FIG. 1 is a block diagram showing an embodiment of the phase modulation type position detection device according to this invention, and FIG.
FIG. 3 is a block diagram showing an example of the detection circuit and oscillation circuit in FIG. 1, and FIG. 3 is a timing chart showing the operation in the oscillation circuit shown in FIG. 3; FIG. 5 is a timing chart showing the operation in the detection circuit shown in FIG. 3;
6 is a circuit diagram showing an example of the phase shift circuit in FIG. 1, FIG. 7 is a block diagram showing another example of the detection circuit in FIG. 1, and FIG. 8 is a circuit diagram showing the operation of the detection circuit in FIG. 7. This is a timing chart. 1... Stator, 2A to 2D... Primary winding, 3
...Rotor, 4...Rotating shaft, A, B, C, D...
Excitation pole, 5, 6... Oscillator, 7, 7A to 7D...

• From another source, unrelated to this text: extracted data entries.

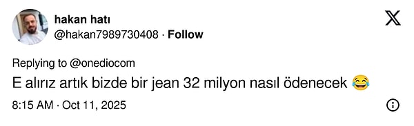 Reklam mutabakatlarında kaşelerin yüksek olduğu bilinen bir durum lakin X kullanıcıları haberi görünce yeniden de şoke oldu. 32 milyon TL’ye yapılan muahedeyi duyanlar “Paraya bak sanırsın markaya ortak oldu.” formunda yorumlar yaptı. Siz ne düşünüyorsunuz? Yorumlarda buluşalım!
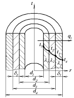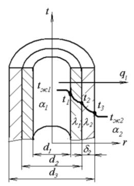 Паропровод диаметром d2 / d1 покрыт двухслойной изоляцией (рис. 2.1).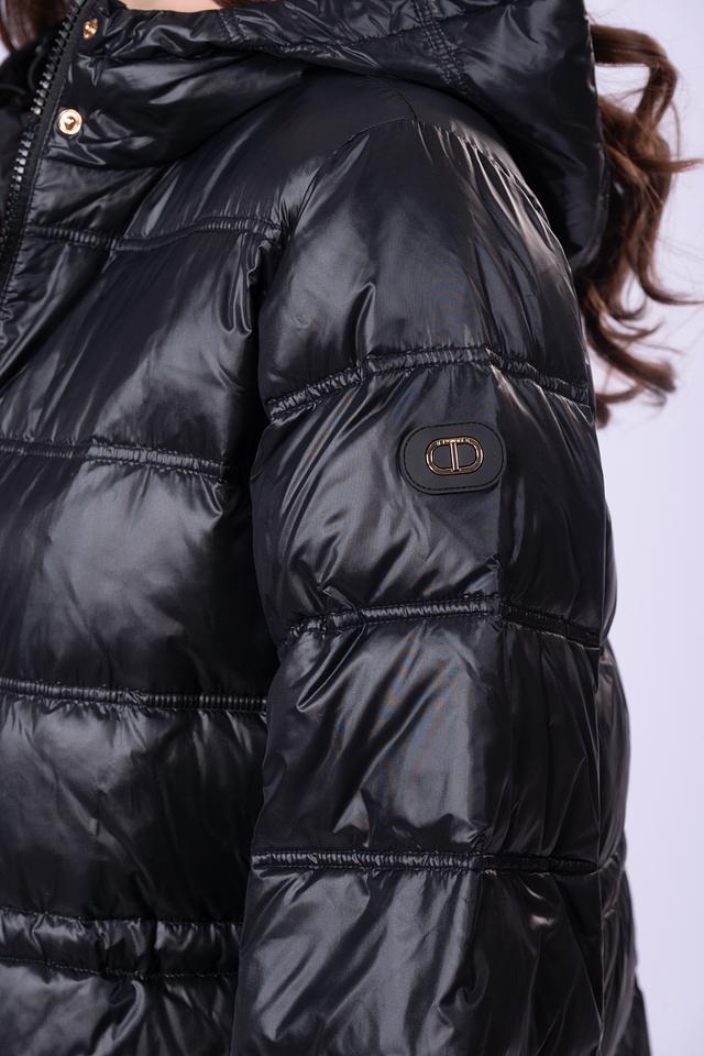 Чёрное стеганое пальто Twin Set – это стильное и теплое решение для прохладной погоды. Модель имеет капюшон, пояс и удобные манжеты на рукавах, что обеспечивает комфорт и защиту от ветра. Состав: полиамид 100%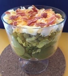 Rows and layers of fresh garden produce with a touch of crispy bacon on top makes this salad irresistible.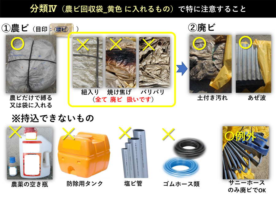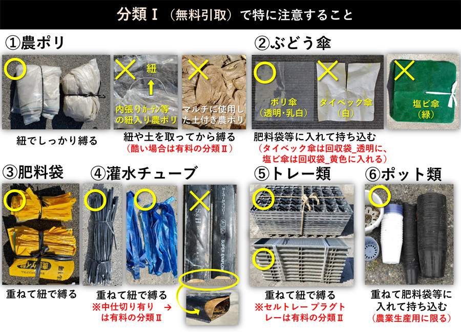 - 農薬の容器および農業生産以外のプラスチック類は持ち込めません。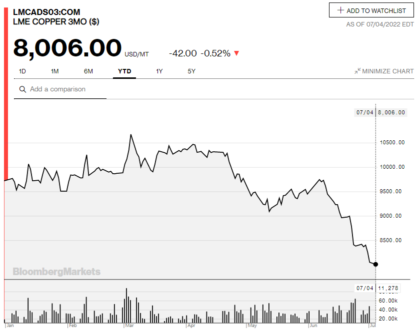 铜价年内已跌20%!大宗商品全线下挫引发“通胀见顶论” 美股迎来转折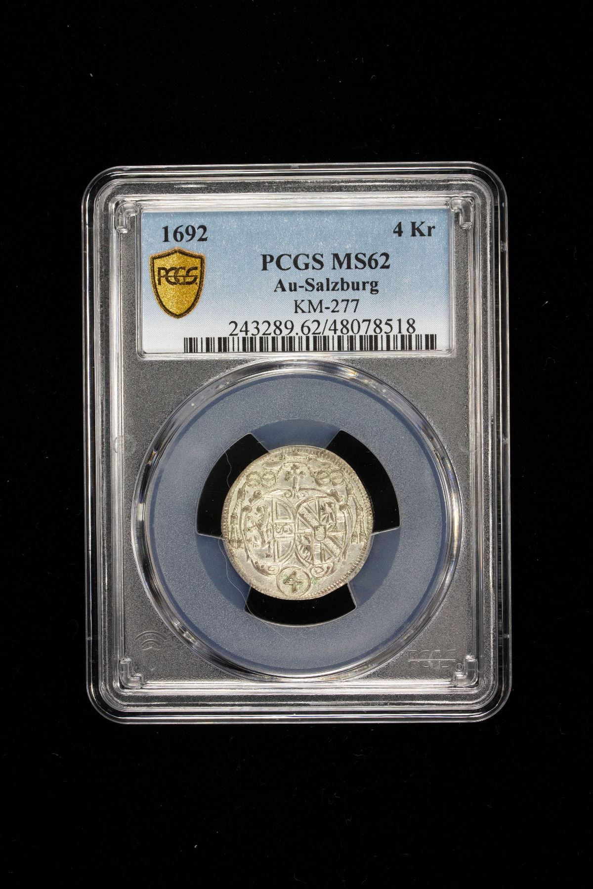 AUSTRIA: SALZBURG: Johann Ernst von Thun, 1687-1709, AR 4 kreuzer, 1692, PCGS MS62

Secondary winding, 13...Phase modulation type position detector, 14
... Phase shift circuit, 16 ... Detection circuit, 18 ... Oscillation circuit.

Claims (1)

[Claims for Utility Model Registration] A phase modulation type position detector that generates an output obtained by phase modulating a reference AC signal according to the position of an object to be detected, and a phase between the output signal of this detector and the reference AC signal. A detection circuit that detects a shift; and a variable phase shift circuit that shifts the output signal of the detector by a desired amount are provided between the detector and the detection circuit, and the amount of phase shift in the phase shift circuit is adjusted. 1. A phase modulation type position detection device comprising: an origin adjustment device that electrically adjusts an origin between a detection target and a detector.